Please repeat, exactly as they stand, the line containing "休闲区分为工作区和榻榻米两部" and the lines after it through the final line of the listing below, minus pictures.

#### [Information shown]
<<<<

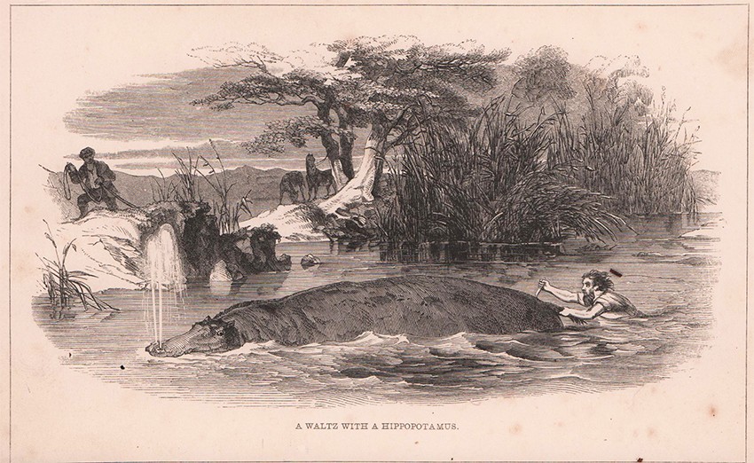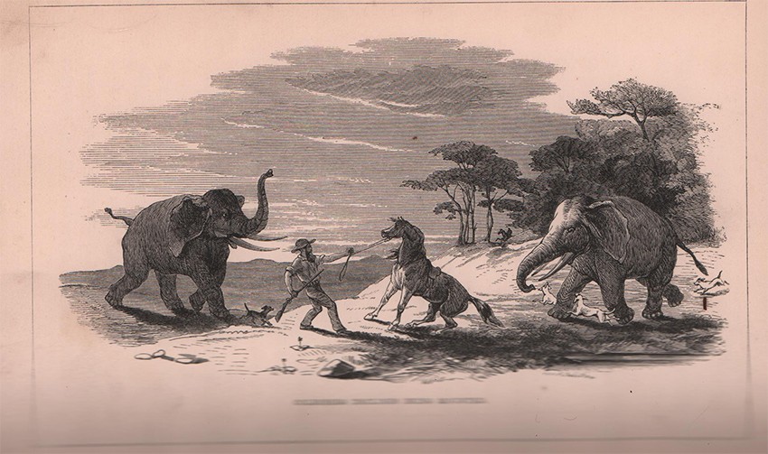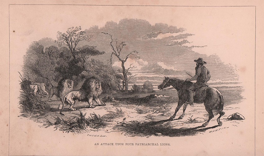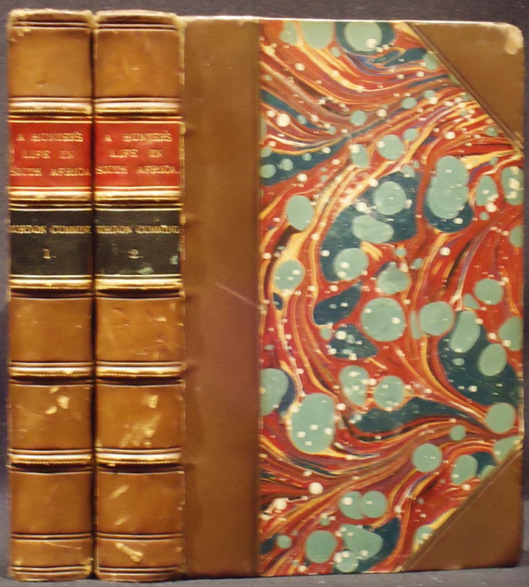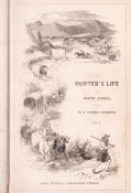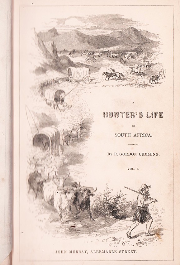 Mendelssohn (Sidney) South African Bibliography volume 1, page 399: A hunter and sportsman from boyhood, Cumming was in his element in South Africa, which was a regular hunter's paradise in the first half of the nineteenth century. His youth was passed in the county of Moray, and after finishing his education at Eton, he joined the 4th Madras Light Cavalry. In 1839 he sailed for India and, touching at the Cape, had a foretaste of the splendid sport that he was able to enjoy there in later years. The climate of India did not agree with him, and he left that country and spent a few years hunting in Scotland and America, where he obtained a commission in the Royal Veteran Newfoundland Companies. He exchanged into the Cape Riflemen in 1843, and after some uneventful months spent under Colonel Somerset in Kaffraria, he sold out of the army and decided " to penetrate into the interior farther than the foot of civilised man had yet trodden to vast regions which would afford abundant food for the gratification of the passion of my youth, the collecting of hunting trophies and objects of interest in science and natural history. Cumming started on October 23, 1843, from Grahamstown, in the direction of Albany and the Great Fish River, and passing through Cradock, soon found himself in a country which was absolutely teeming with game. He got on well with the Boers. After a surfeit of springbok hunting, the author proceeded to the Orange River and Griqualand West, and soon after met Messrs. Murray and Oswell, and later, on arriving at Kuruman, was welcomed by Mr. Moffat. After a few days' stay at Kuruman he recommenced his travels, and soon after met David Livingstone, who gave him plenty of information respecting hunting and exploring. Gordon Cumming appears to have hunted every species of South African fauna, and to have enjoyed an amount of sport almost unique even amongst the mighty hunters of Africa. The narrative is valuable for the account of the state of the country at this period, as well as for the excellent description afforded of the natives of the interior, and of the up-country Boers, while the interesting zoological and botanical notes give added value to the work. After five years of incessant travel the author returned to England, taking the Cape waggon which had accompanied him throughout his journeys, and his large collection of trophies, the whole weighing about thirty tons.
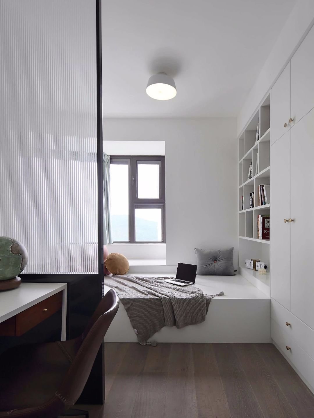 休闲区分为工作区和榻榻米两部分,采用长虹玻璃的半隔断进行分隔。榻榻米与收纳柜的整体定制,带来强大的储物功能,开放格便于书籍与收藏品的展示,实用性与颜值兼备。
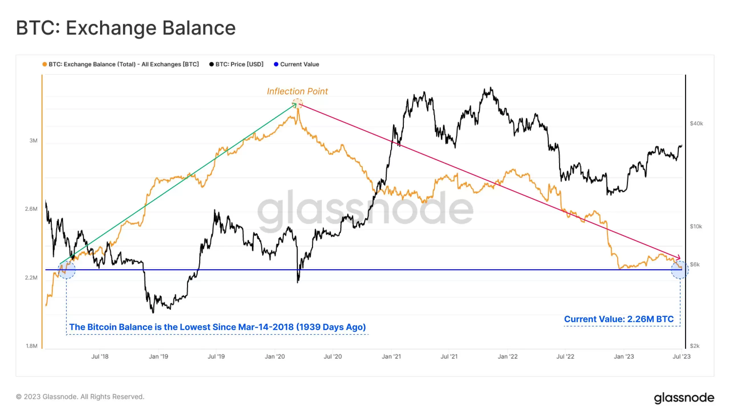 “borsalardaki bitcoin miktarı, 2,26 milyon BTC değerine düşerek 14 Mart 2018’den bu yana en düşük noktaya geriledi.”

>>>>

#### [Result]
 休闲区分为工作区和榻榻米两部分,采用长虹玻璃的半隔断进行分隔。榻榻米与收纳柜的整体定制,带来强大的储物功能,开放格便于书籍与收藏品的展示,实用性与颜值兼备。
 “borsalardaki bitcoin miktarı, 2,26 milyon BTC değerine düşerek 14 Mart 2018’den bu yana en düşük noktaya geriledi.”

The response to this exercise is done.